Husayn did not marry, he was tall and huge with a long white beard and shaggy hair wearing a worn garment and shoes worn around the streets of Amman and sympathize on the objects that he has forgotten more than humans, and then rest in the shade of a tree and collect cats around him buy sardines and meat, and says to her "feed you eating Dear and I eat cheap falafel. "

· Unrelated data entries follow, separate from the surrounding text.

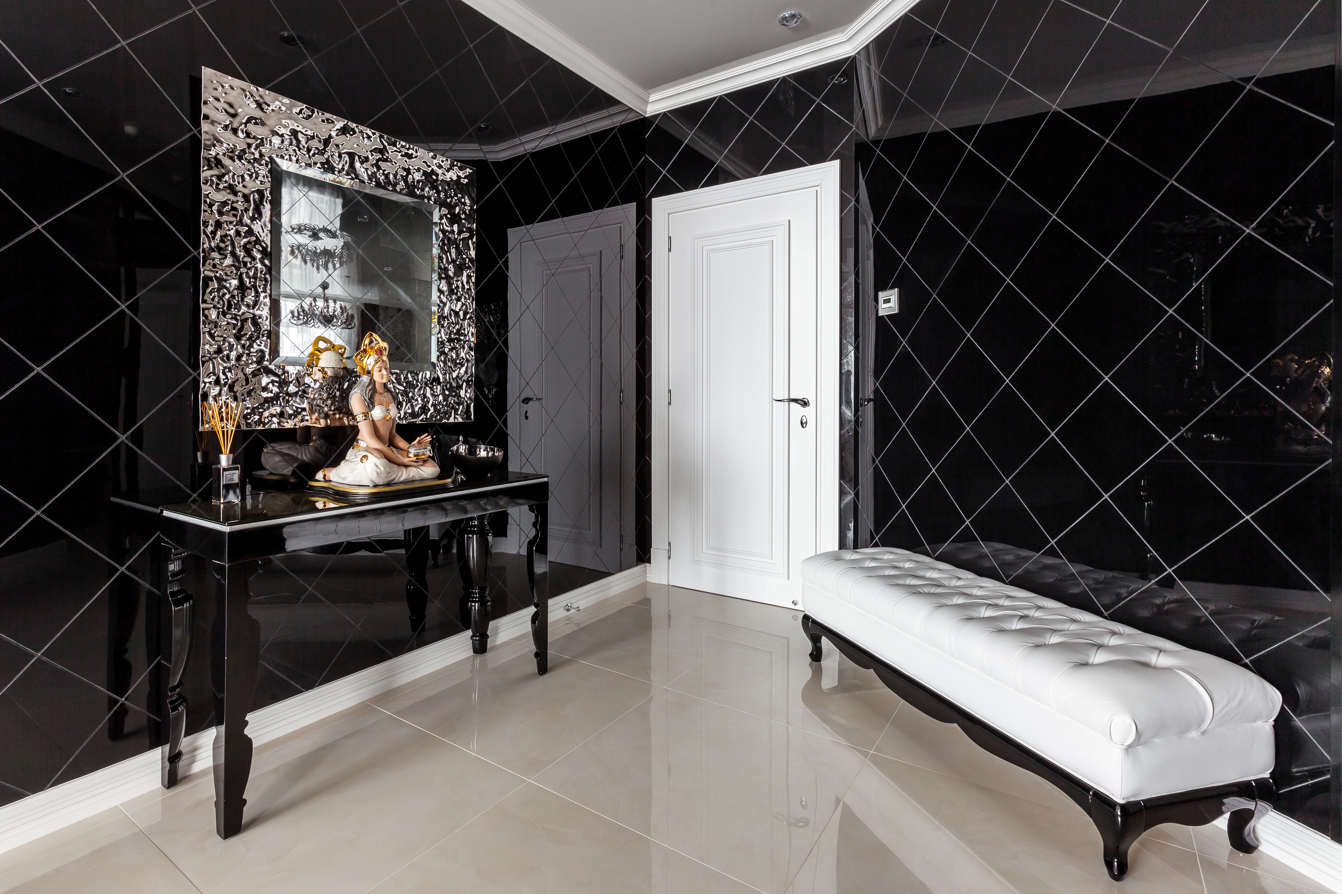 Если в старинных интерьерах чёрные стены были запрещены, то в современных неоклассических проектах, созданных на основе классических правил и элементов никаких запретов нет. Зачастую чёрный используется именно для того, чтобы подчеркнуть современную направленность дизайна и его стильность.
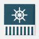 Nautical design with sailing wheel and blue and white stripes decoration on blue background
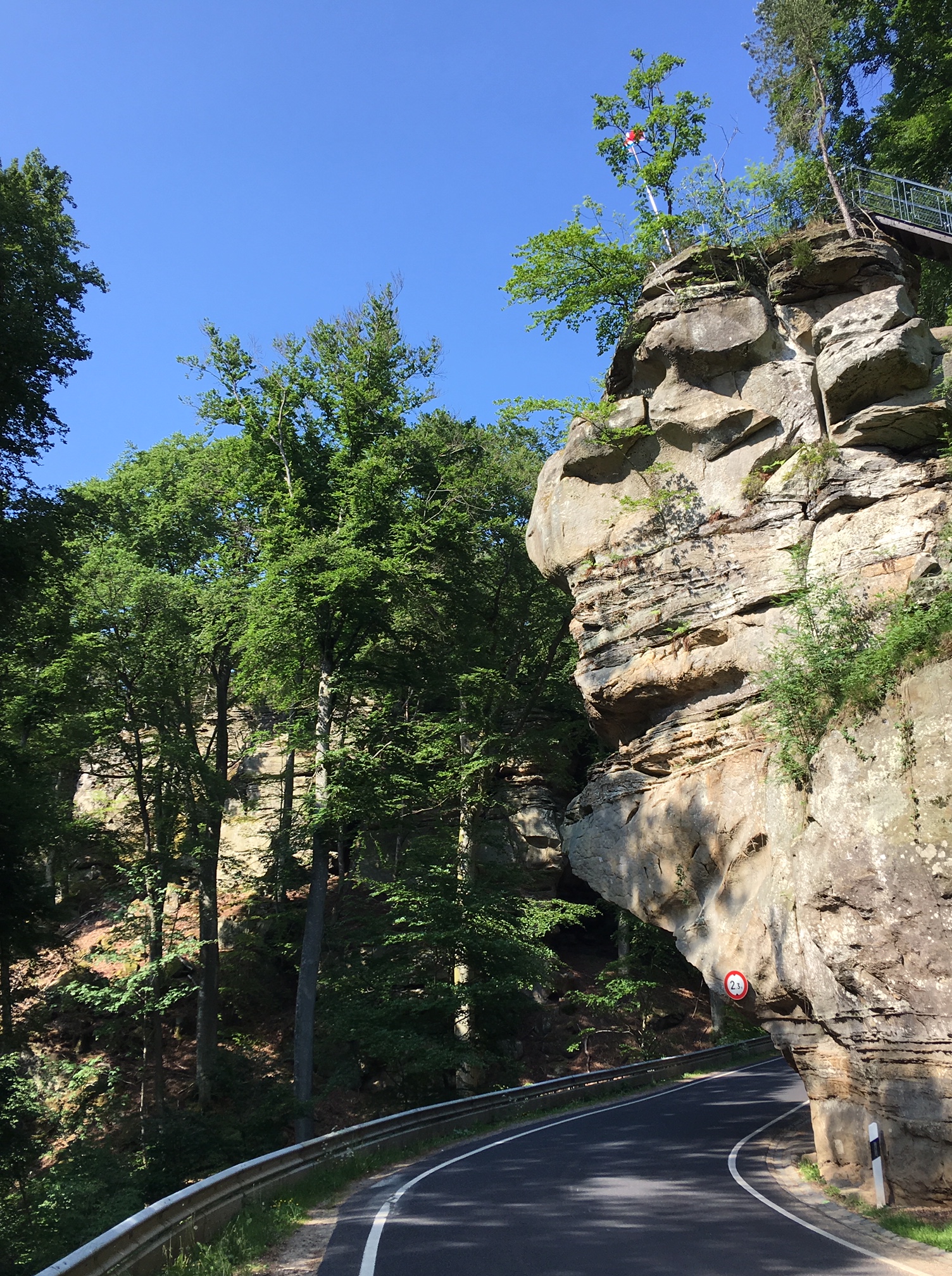 After getting quite lost along the way and backtracking for the better part of an hour, I also passed Presdigstuhl – with several rock formations that you can climb using metal staircases for some incredible views of the forest while standing on a rock balanced over a working road!

"He did not beg or talk to others," said Suleiman. "What he read is equivalent to a big truck load. He is obsessed with reading everything, even textbooks, the Qur'an, the Sunnah, biography, language, philosophy, stories of prophets, history and dictionaries."

Napoleon Amman
Ramadan Khalil, "Napoleon of Amman", despite his many names and titles ranging from Napoleon, Hitler, Lenin and Emperor, wears the clothes of the emperors of Europe and ancient knights, overpriced hats, boots with long legs in summer and winter, and a stick of glossy paper. Attaches to his chest proudly.

A tramp known as Muhammad usually wanders wandering the streets (Al Jazeera)

He roams the streets of downtown "with his head raised with pride and pride," said Khalil Jabr, who said he was the subject of Arab and international press and television reports.

Walid Suleiman said: `` Napoleon was not talking to passers-by and Afif was not begging for pride and speaking fluently in Arabic and English and reading newspapers and political and intellectual books, but it was not known that he was a skilled violin player, as the owner of Homsi Mills Magdy Homsi. ''

Suleiman recalled that Napoleon Amman was reportedly leftist and arrested in his hometown of Gaza and tortured in the prisons of the occupation that led to it.

One of the jokes is that he came across a beautiful girl in the street, and presented to her sermon by identifying himself as George, the King of Britain.